I have an application that consists of two processes (let's call them A and B), connected to each other through Unix domain sockets. Most of the time it works fine, but some users report the following behavior:
- A sends a request to B. This works. A now starts reading the reply from B.
- B sends a reply to A. The corresponding write() call returns an EPIPE error, and as a result B close() the socket. However, A did not close() the socket, nor did it crash.
- A's read() call returns 0, indicating end-of-file. A thinks that B prematurely closed the connection.
Users have also reported variations of this behavior, e.g.:
- A sends a request to B. This works partially, but before the entire request is sent A's write() call returns EPIPE, and as a result A close() the socket. However B did not close() the socket, nor did it crash.
- B reads a partial request and then suddenly gets an EOF.
The problem is I cannot reproduce this behavior locally at all.

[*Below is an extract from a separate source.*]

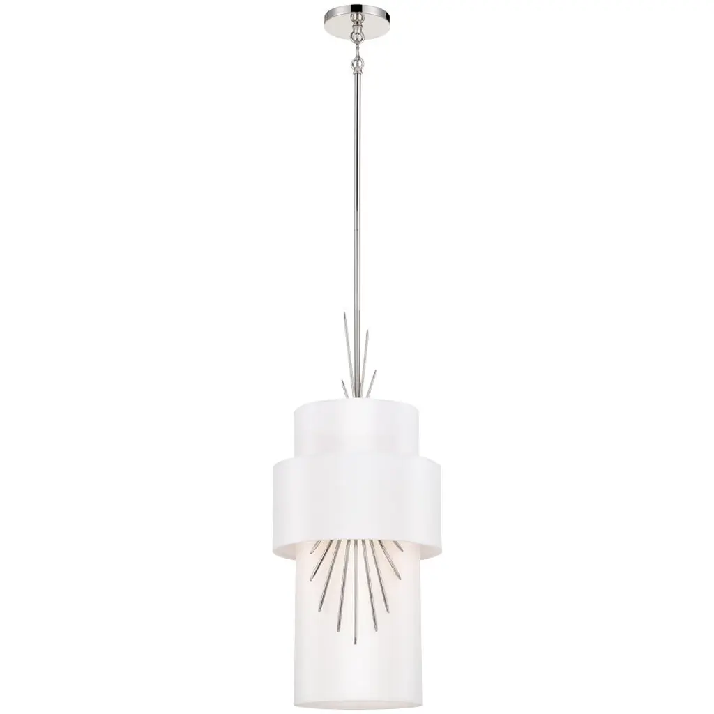 The Melody Collection's repeating inverted arches surrounding a crisp white globe deliver a sense of art deco glam to this timeless contemporary collection. The Melody collection features tiered pendants and an integrated LED Sconce that is dimmable and ADA compliant. White frosted glass - 8 inchd Requires 1 candelabra base, 40 watt bulbs (not included) (3) 12 inch and (1) 6 inch downrod included 1 year limited warranty. Warranty: 1 Year Limited No. of Rods: 4 Canopy Included: Yes Shade Included: Yes Canopy Diameter: 6 x 2.17 Rod Length(s): 12 x 0.5

I've tried OS X and Linux. The users are on a variety of systems, mostly OS X and Linux.
Things that I've already tried and considered:
- Double close() bugs (close() is called twice on the same file descriptor): probably not as that would result in EBADF errors, but I haven't seen them.
- Increasing the maximum file descriptor limit. One user reported that this worked for him, the rest reported that it did not.
What else can possibly cause behavior like this? I know for certain that neither A nor B close() the socket prematurely, and I know for certain that neither of them have crashed because both A and B were able to report the error. It is as if the kernel suddenly decided to pull the plug from the socket for some reason.